Creo que es una película encantadora y que a pesar de los avatares dramáticos y sensibles que toca, la película sigue manteniendo su “cálido brillo de verano” como apunta Mitchell. Estamos ante un film fresco, sin la pegajosidad de los falsos dramas sentimentales. Además, cuando en algún momento parece que pudiera haber un giro hacia lo televisivo, los actores enmiendan la plana, corrigen, y la cinta vuelve a su entidad. Y es que, vuelvo a insistir que este film tiene ante todo su calidad en base a las interpretaciones, por el elenco actoral que lo preside.

No hay que perder de vista el papel reivindicativo de la protagonista femenina, Pearl, que encuentra en el contexto del Festival rock de Woodstock el momento idóneo para liberarse, abandonar sus reservas y entregarse a la locura de una juventud de la que en su momento no disfrutó por su precoz maternidad. Es la época en la que los EE.UU. brilla con el paseo de Neil Armstrong sobre la luna, mientras se describe con sencillez y belleza a la vital y deliciosa Pearl que se debate entre lo que “debe” hacer y el imperioso anhelo de un amor que le dé sentido a su gris su existencia, e igual, la necesidad pasional del sexo con otro hombre que la haga sentir de carne y hueso de nuevo. Aunque en honor a la verdad, en la película ni hay gran amor, ni tampoco un agudo sentimiento de pérdida, ni tampoco exabruptos, pues el film se mueve siempre en el terreno de lo correcto.

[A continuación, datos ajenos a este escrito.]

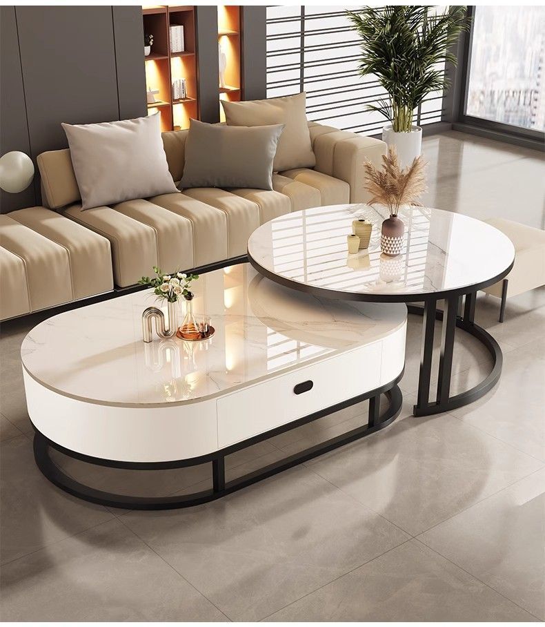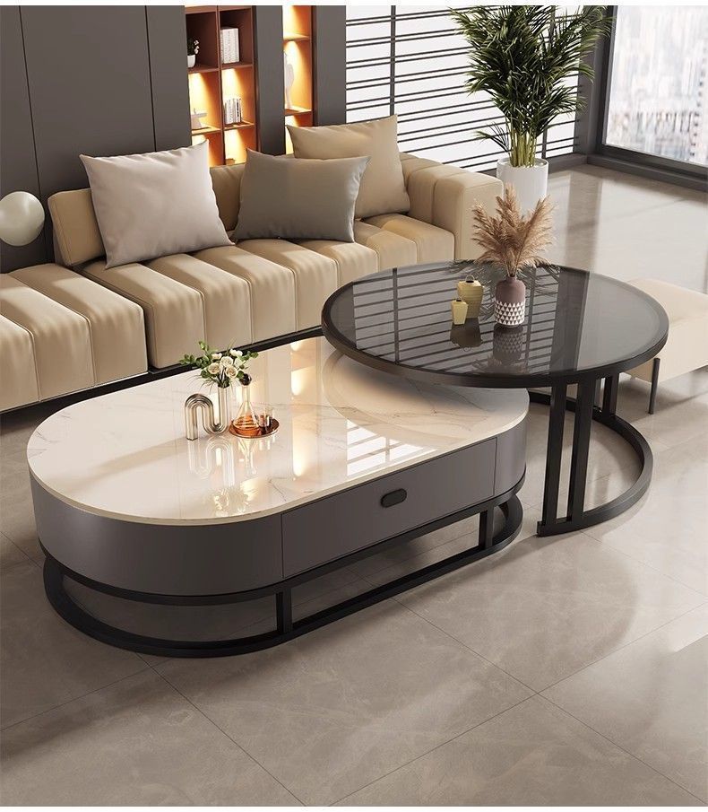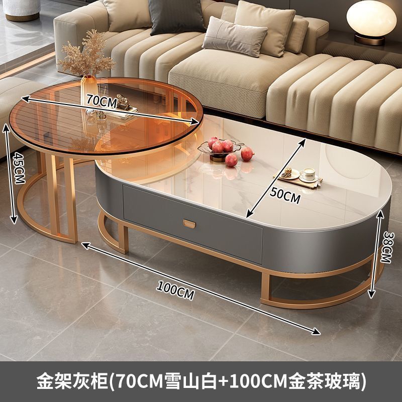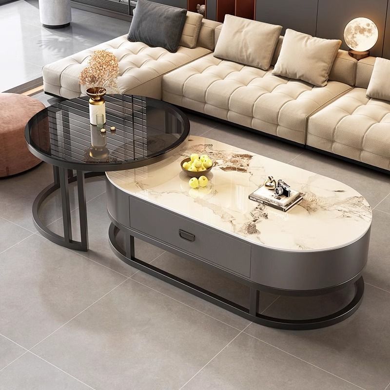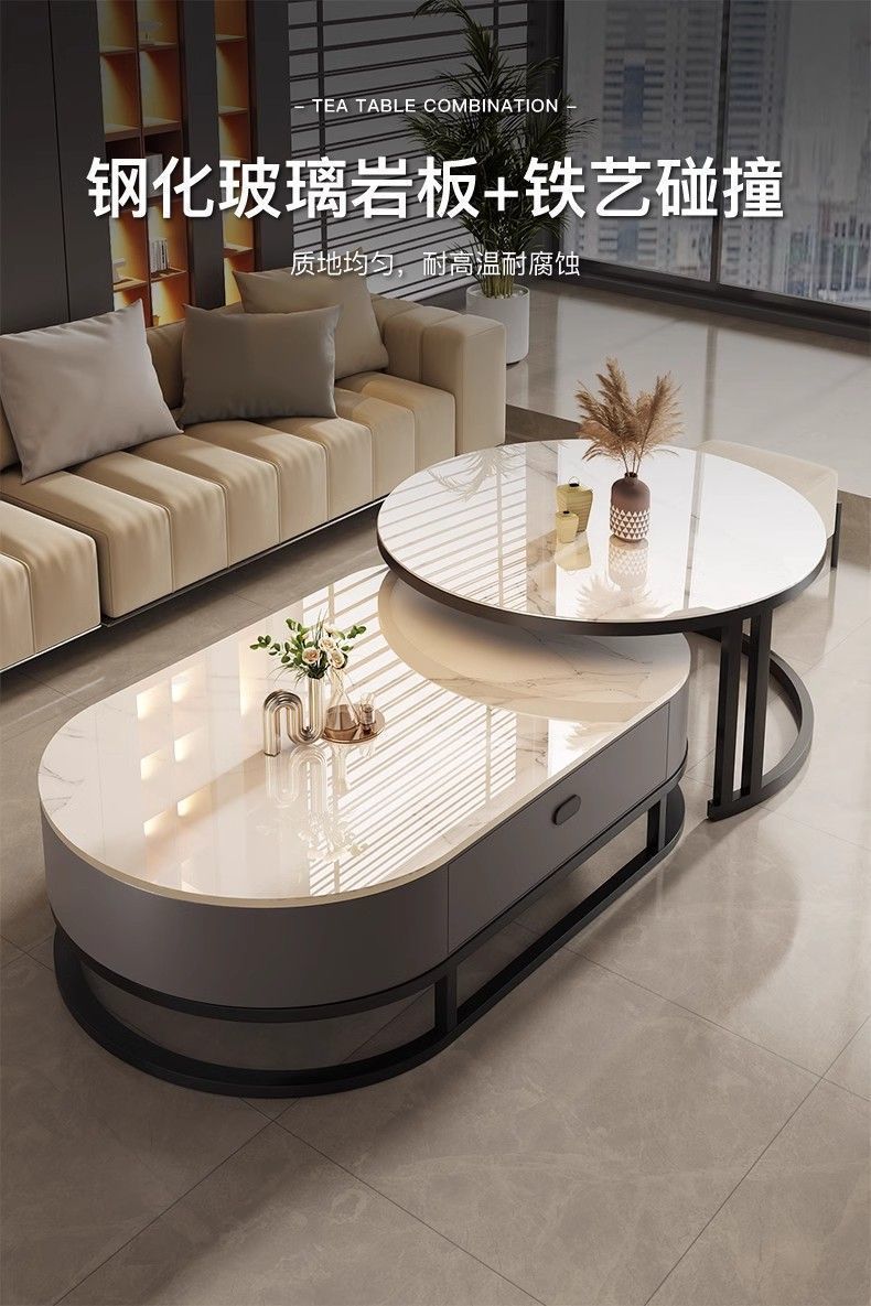 록 보드 커피 테이블 거실 홈 2024 새로운 입장 럭셔리 현대 차 테이블 하이 엔드 타원형 인터넷 유명 작은 아파트

Desde luego es Diane Lane la artífice de esta “tentación”, de esta bonita película; la Lane tiene una belleza doméstica, algo marchita, que otorga calidez a sus interpretaciones. Ella sabe encarnar a Pearl y logra trasladar al otro lado de la pantalla los infortunios y frustraciones de la protagonista, sus sentimientos y su encantadora e intensa sensualidad, allí donde el argumento lo precisa. Y como de actores vamos, a Lane le secundan dignamente Liev Schrieber, Viggo Mortensen y Anna Paquin, cada cual en su papel de marido herido, amante o hija naciente a la vida.

Película, pues, con su encanto y que tiene sin duda su momento para verla en la intimidad de una velada, una película de amor amable y sin estridencias que reconforta el espíritu.